Transcriptional expression of cell cycle-associated genes and invasion-related genes is positively regulated by KDM2A in the KDM2A-overexpressing NSCLC cell lines H1975 and H1792. A and B, analysis of CDK6, NEK7, NANOS1, RAPH1, DOCK4, and ZNF652 mRNA levels in H1975 (A) and H1792 (B) cells after KDM2A knockdown. Expression levels were analyzed by quantitative RT-PCR. C–F, rescue experiments for CDK6 (C and D) and NANOS1 (E and F) expression in KDM2A-depleted H1975 (C and E) and H1792 (D and F) cells. After ectopic expression of GFP, wild-type KDM2A, and its catalytic mutant mKDM2A in KDM2A-depleted H1975 and H1792 cells, expression levels were measured by quantitative RT-PCR. The siControl-treated cells were used as controls. G and H, analysis of KDM2A occupancy at CDK6, NEK7, NANOS1, RAPH1, DOCK4, and ZNF652 genes in H1975 (G) and H1792 (H) cells by quantitative ChIP (qChIP). Data are presented as the mean ± S.E. (error bars). *, p < 0.05; **, p < 0.01; ***, p < 0.001.

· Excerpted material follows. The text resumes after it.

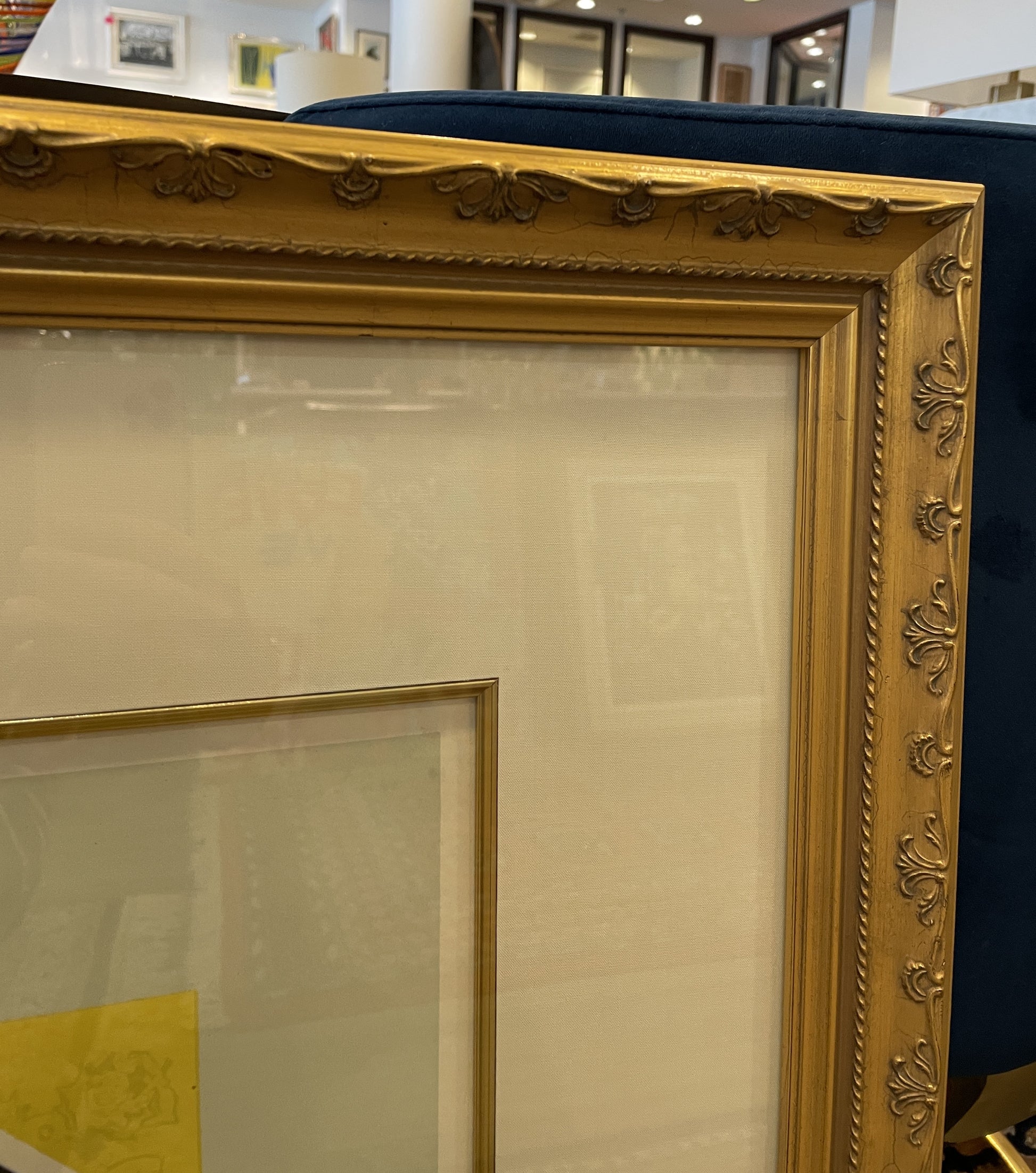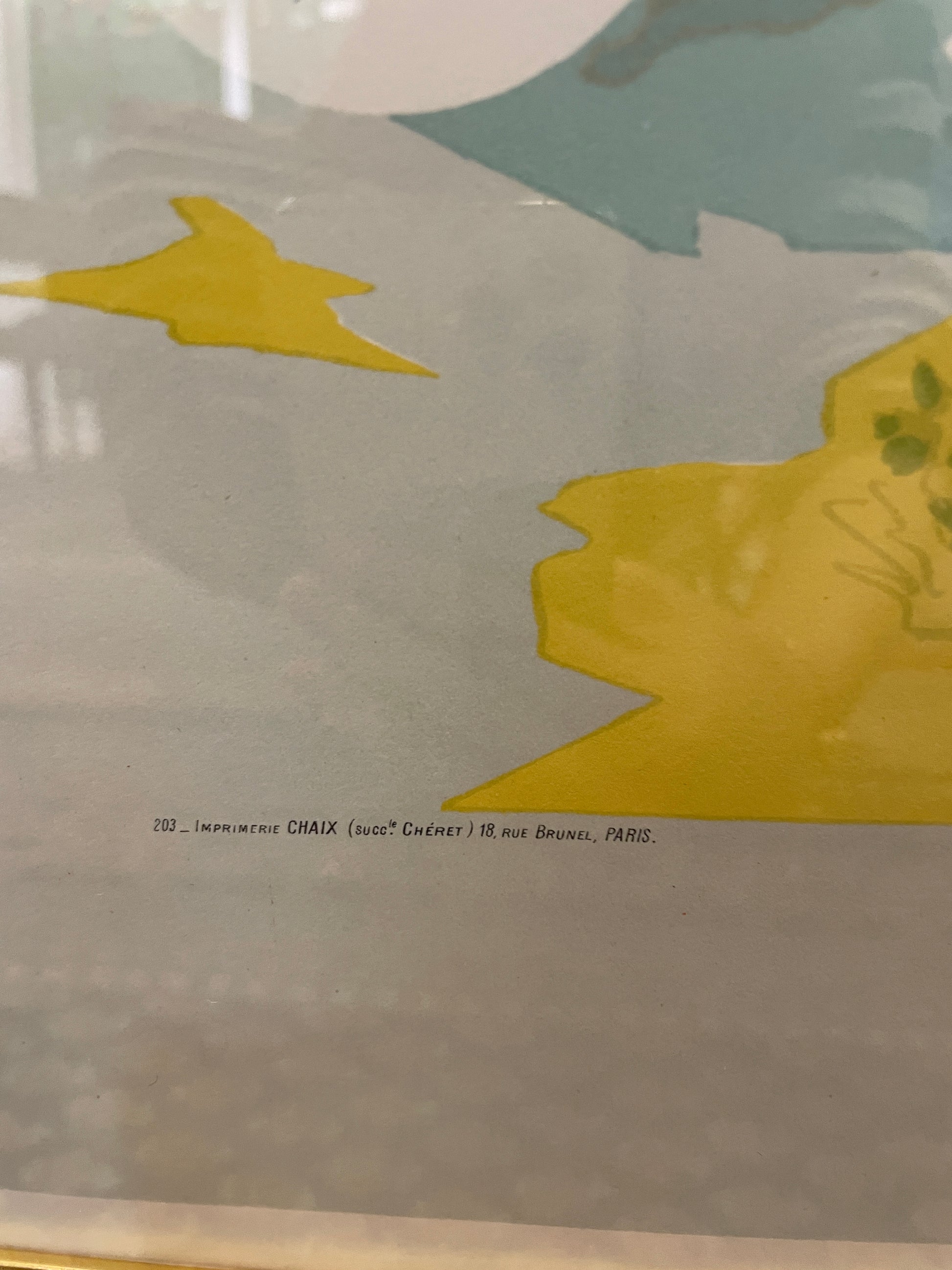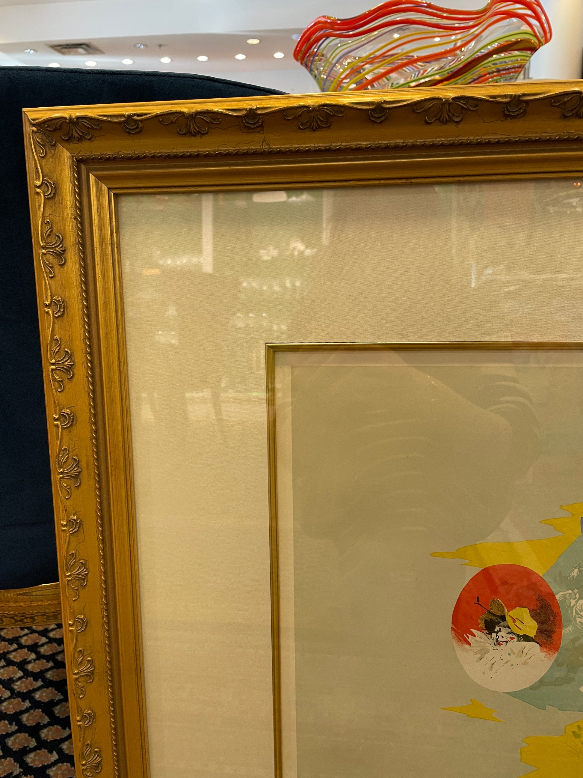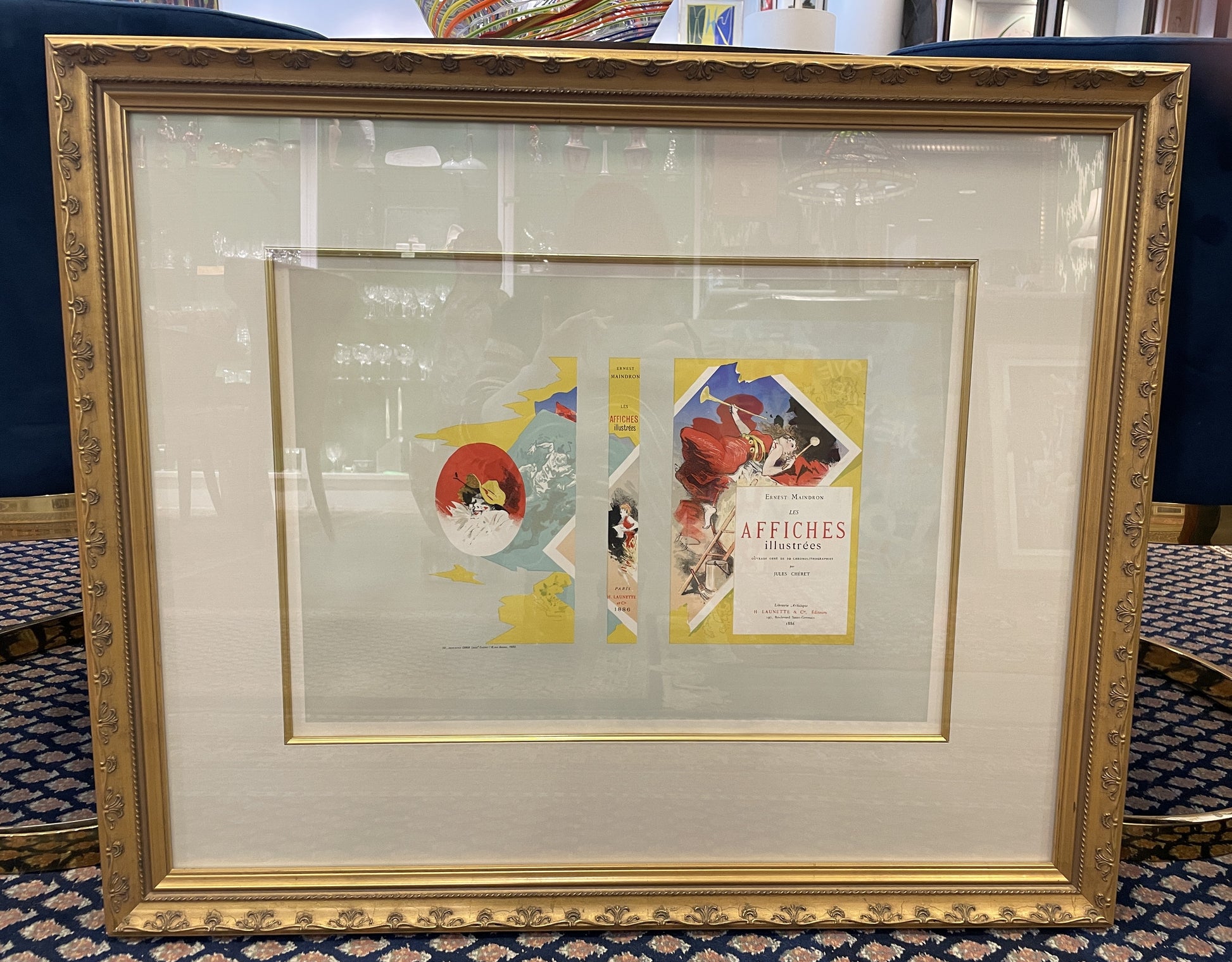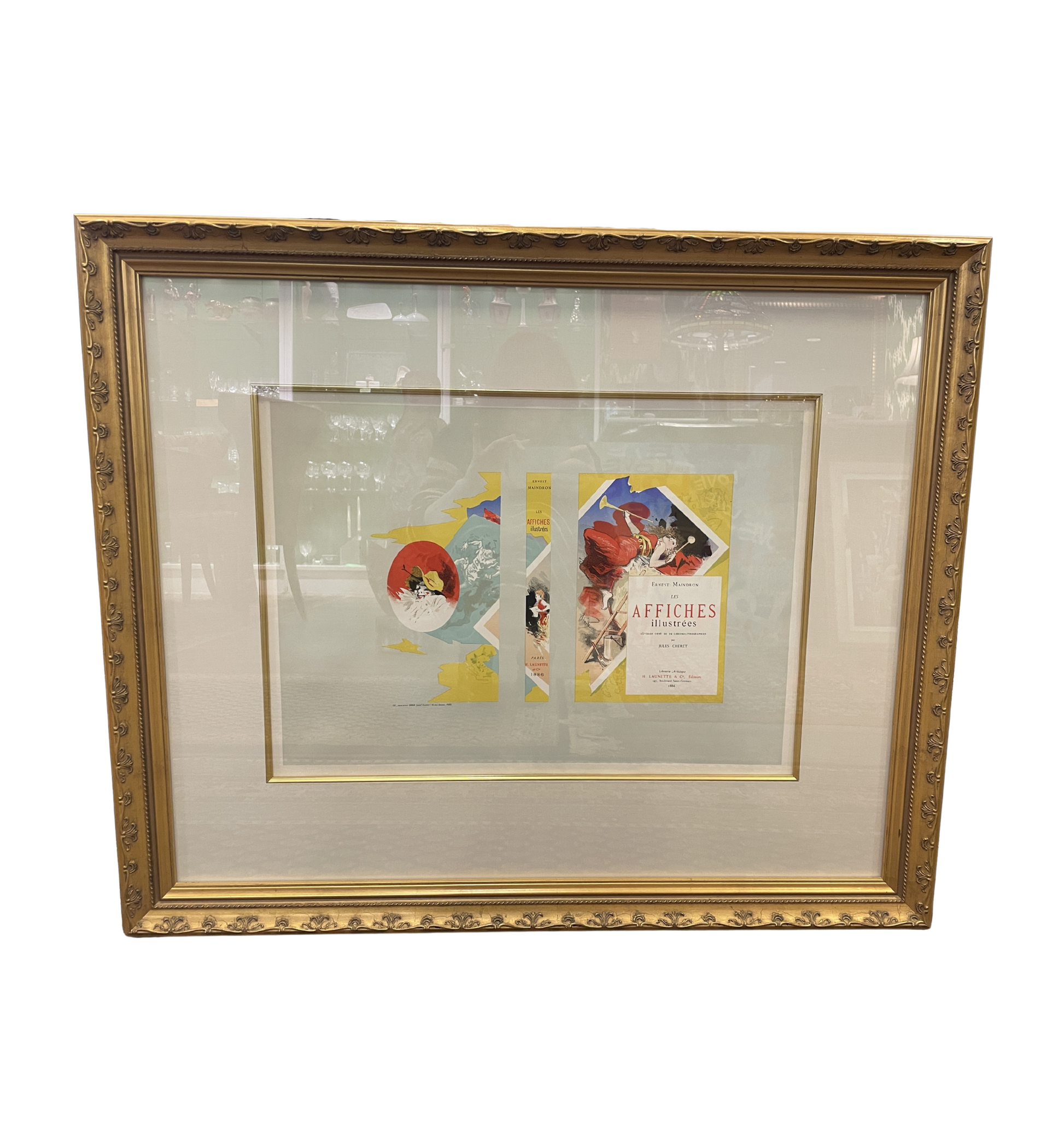 Jules Cheret Les Affiches Illustrees by Maindron book cover colored lithograph. This unique art nouveau piece is matted in white and framed in a carved gold frame. The art is the three sides of a book cover (front, spine, and back) displayed out flat with segments between the components. The piece mainly features the primary colors of blue, red, and yellow with some flashes of other colors included as well. Perfect for book lovers and art lovers alike.

HDAC3 knockdown greatly recovers impaired tumorigenicity of KDM2A-depleted NSCLC cells in a mouse xenograft model. A and B, analysis of KDM2A (A) and HDAC3 (B) mRNA levels in control (shLuciferase), stably KDM2A-depleted (shKDM2A-1), and KDM2A/HDAC3-depleted H1792 cells. Stably KDM2A-depleted H1792 cells (shKDM2A-1) were transfected with siHDAC3-9 to generate double (KDM2A/HDAC3) knockdown cells. C and D, the effect of HDAC3 knockdown on tumor development of KDM2A-depleted cells in a subcutaneous xenograft model. Three different groups of cells (shControl, shKDM2A-1, and shKDM2A-1 + siHDAC3-9) were subcutaneously injected into five mice per group. Representative tumors (10 weeks after subcutaneous injection) are shown in dotted circles and indicated by black arrows (C). Tumor volumes were monitored and plotted for 10 weeks (D). E, representative images of H&E staining of xenograft tumor samples (shControl group and shKDM2A-1 + siHDAC3-9 group) and normal skin tissues (shKDM2A-1 group) obtained from the injection sites (10 weeks after subcutaneous injection). Scale bars are indicated (upper panels, 200 μm; lower panels, 100 μm). F, representative images of immunohistochemical staining of NANOS1 and CDK6 in xenograft tumor samples. Immunohistochemical staining was performed only using tumor tissues from the shControl group and shKDM2A-1 + siHDAC3-9 group. Normal mouse skin tissues from the shKDM2A-1 group were not used for staining because they were not a proper control. CDK6 and NANOS1 levels were quantified using the Chromavision Automated Cellular Imaging System (ACIS-III) from Dako and compared between the shControl group and shKDM2A-1 + siHDAC3-9 group: CDK6, 1 versus 0.73; NANOS, 1 versus 0.54. G, in this hypothetical model, KDM2A transcriptionally represses the HDAC3 gene. Subsequently, cell cycle-associated genes (e.g. CDK6) and invasiveness-related genes (e.g. NANOS1) are released from HDAC3-mediated repression. Data are presented as the mean ± S.E. (error bars). **, p < 0.01; ***, p < 0.001.